We’ve already mentioned Tarek El Aissami, governor of the state of Aragua and head of the ruling PSUV party. The American Enterprise Institute has called him “thuggish,” but this seems like a polite understatement. It may sound like a joke, but Aissami’s dad actually ran the Venezuelan branch of Saddam Hussein’s Baath Party, and Aissami himself – who was a college friend of Chávez’s brother – came to be known as Chávez’s personal link to Hezbollah, Hamas, and Islamic Jihad.
Aissami has funneled cash to these groups, and when he was head of the agency that produces national ID cards, he provided Venezuelan cover identities to some of their members. As if that weren’t impressive enough, he also recruited young PSUV members to train in Lebanon for guerrilla war against the U.S.
But aiding and abetting terrorism is just a sideline for Aissami, whose main activity, it seems, has been sponging up taxpayer money and laundering it through his “multilayered and vast network of shell companies,” the chart of which looks more complex than the organization of the U.S. government itself.
(Bonus factoid: Aissami’s brother Firaz is involved with drug trafficking and has over $21 million in a Swiss bank.)
Shipping magnate Wilmer Ruperti, who thanks to “illegal deals with corrupt thugs” became “the go-to guy for nearly all PDVSA-shipping needs,” provides a fine example of the cartoonish extent to which Venezuelan self-enrichment schemes can go: in order to fool a Russian firm into thinking it was chartering oil tankers to PDVSA, Ruperti set up “an elaborate network of shell companies,” giving one of them a name very close to that of PDVSA, and leased tankers from the Russian firm, then rented them to PDVSA at a hefty profit. Alas for him, U.S. and U.K. authorities got wind of his dodge and took him to court; in the U.K. case, he had to pay $59 million in damages. But he’s not suffering: he owns a bulletproof BMW, a jet, a veritable palace in Caracas, and a Miami Beach mansion that, on paper, is owned by (of all people) Gloria Estefan’s husband.
Victor Vargas, who runs several banks and companies around the world, has long been known as the “Chávez Banker.” Translation: he’s said to have “made a backroom deal with Chávez’s government to handle some of the revolution’s murkier financial transactions.” As we’ve noted, Vargas may or may not own Cadena Capriles, Venezuela’s largest media conglomerate, which was purchased through a proxy on the island of Curaçao; if he does own it, moreover, he’s probably a front for the government, which has an interest in controlling as much of the nation’s media as possible.
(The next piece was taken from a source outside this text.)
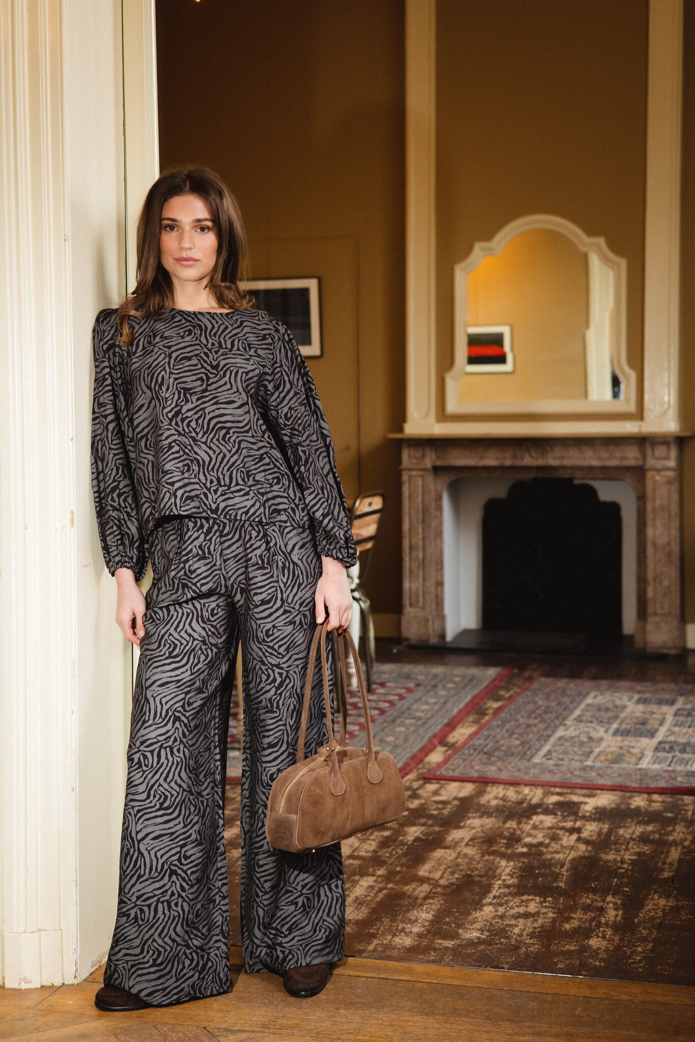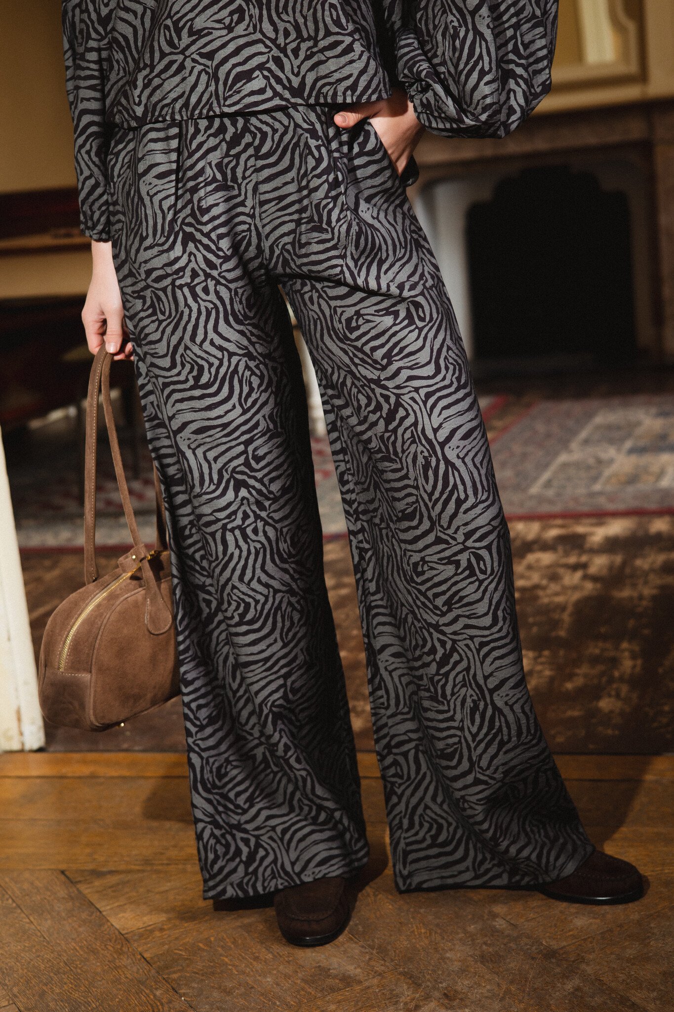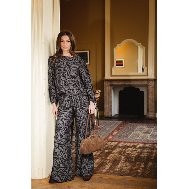 Deze zebra print broek is zo’n item die je outfit meteen af maakt. De zwart-grijze animal print geeft een mooie, opvallende maar toch rustige look. De wide leg pasvorm en de soepelvallende stof zorgen ervoor dat hij comfortabel zit en mooi valt. Draag ’m los met een basic top of combineer met de bijpassende zebra print top voor een complete set. Een fijne broek die net even anders is, maar toch makkelijk te stylen is.

Vargas owns a major polo team, a stable of 60 ponies, a private fleet of jets, two yachts, a helicopter, homes in Europe, a huge estate in Venezuela, and mansions in Santo Domingo and Palm Beach.
Luisa Ortega Díaz is Venezuela’s General Prosecutor, a position she’s used to undermine media rights and to imprison journalists and politicians (notably opposition leader Leopoldo López). In 2009 she proposed a Media Crimes Law to curb “the irrational use of power by the media” and “regulate freedom of expression.” While ignoring the embezzlement by officials of truckloads of cars, motorcycles, computers, cameras, and other government-owned items, she’s used forged evidence to prosecute opposition legislators; and while threatening to “severely punish” so-called “hoarders” of basic foodstuffs – a widespread and thoroughly understandable phenomenon in Venezuela, where things are so screwed-up that you can’t be sure you’ll be able to buy bread, butter, or milk any time in the next few weeks – she’s been photographed shopping at high-end boutiques on the Rue Saint-Honoré in Paris.
All this, note well, is just a small sampling of the sleazy operators who make up the Maduro regime.
[NOTE: Corrected on December 22, 2015, to reflect the fact that Rafael Ramírez, at the time this post went up, was UN ambassador, not Minister of Finance.]